What to ignore in the first ninety days
The website beyond a single page with your name, your service description, your price tiers, and a contact form. Anything fancier is procrastination dressed as productivity.
Instagram and TikTok content strategy. You can build an audience on social media. You can also build a business without one. In the first ninety days, the audience strategy is a hobby that takes ten hours a week and produces almost no revenue. Do it later, if at all.
Forming an LLC or limited company. In most US states and the UK, you can run a sole trader / sole proprietorship business legally for the first year and convert to a registered company once you have revenue justifying the cost and administrative overhead. The accountant who charges you £150 to register a limited company is happy to do it on day one — but if you have no clients, you have nothing to put into the limited company.
Hiring a virtual assistant, a marketing consultant, or a business coach. All three will appear in your social feeds during the first ninety days, often with very persuasive marketing. The arithmetic is brutally simple — you do not have margin to pay anyone yet. Buy the help once you are turning down work and not before.
The honest curve
The Instagram version of a service business launch features five-figure months by week six. The boring version, which is what the small-business survival research actually documents, features one to three thousand dollars in revenue at month three, three to six thousand by month six, and a slow climb from there. The businesses that hit six figures in year one are real but rare, and the ones that do almost always either had a six-month preparation phase that is not visible from the outside, or a deep professional network they could activate immediately.

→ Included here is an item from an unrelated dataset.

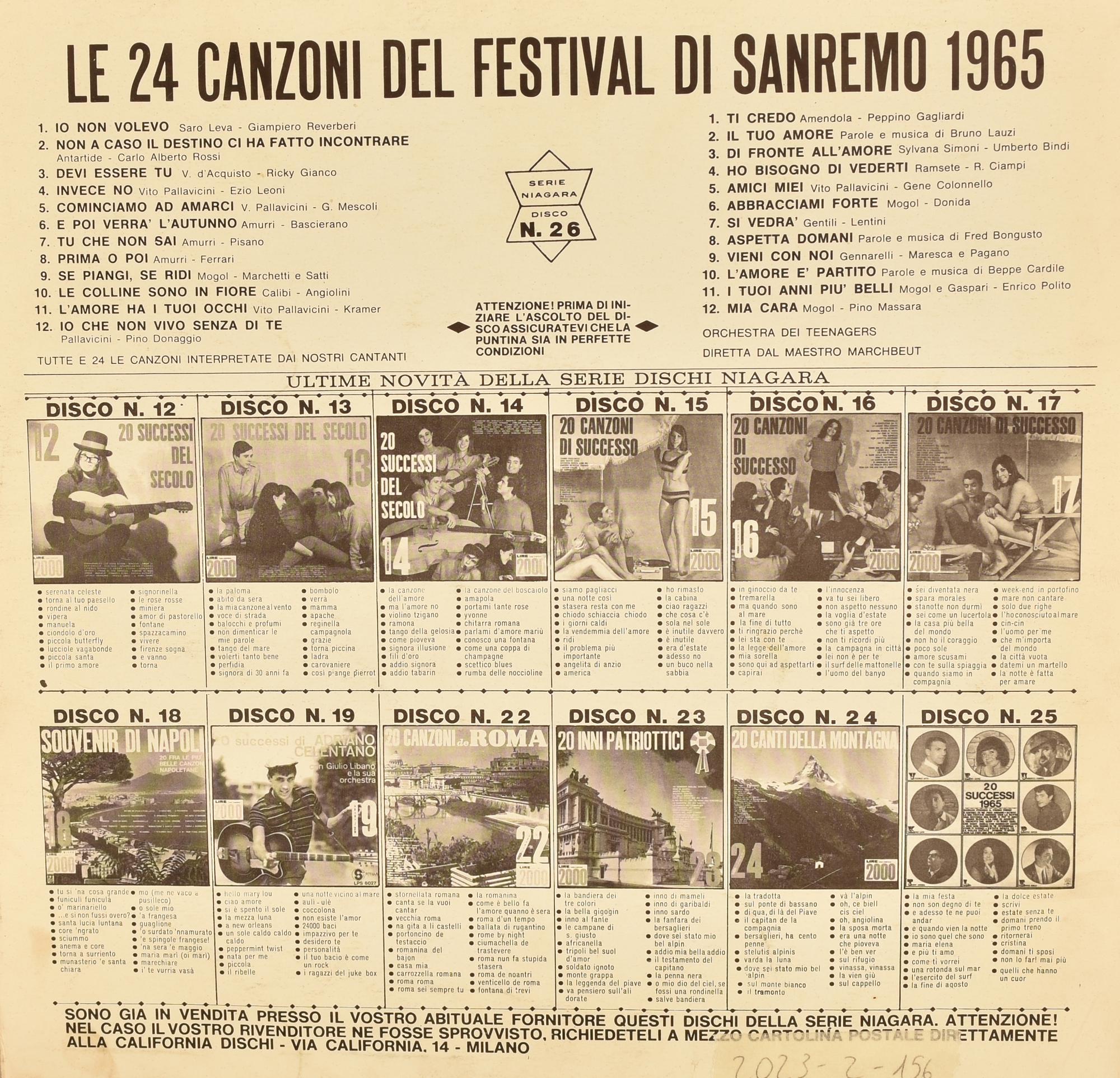 Precedente Lotto 19 Successivo Livebid - Via Tiziano Vecellio 34/D, 10126 Torino DISCHI VINTAGE E DA COLLEZIONE Sessione Unica giovedì 8 giugno 2023 ore 21:00 (UTC +01:00) LP 33 GIRI Le 24 canzoni del festival di Sanremo LP 33 GIRILe 24 canzoni del festival di Sanremo
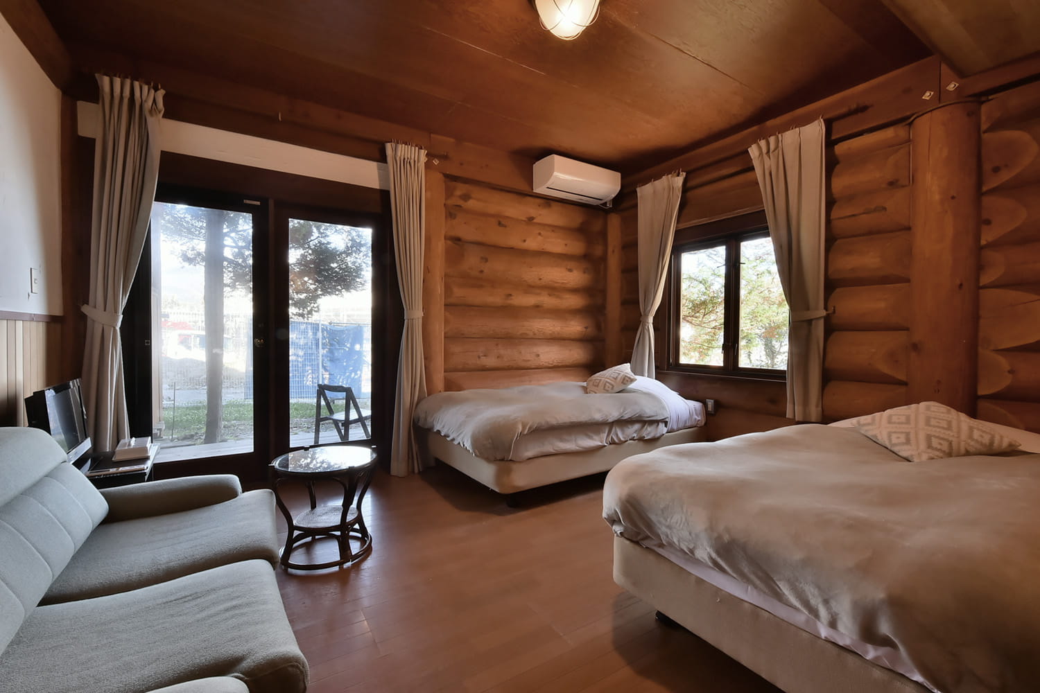 IH stove / Fridge and freezer / Microwave / Kettle / Toaster / Glasses / Plates and bowls / Silverwares / Hair dryer / Laundry (400 yen) / Sauna (additional charge) / Wifi / Gas heater / Chair or sofa

The point of the first ninety days is not revenue. It is proof that the service is sellable, that you can deliver it without the engagement collapsing, and that the second sale is plausible. Once all three of those are true, the slope of the next nine months is far gentler than the first three, and most businesses that survive year one survive year three. The first ninety days are the hardest part of the curve, which is also why so few people get past them.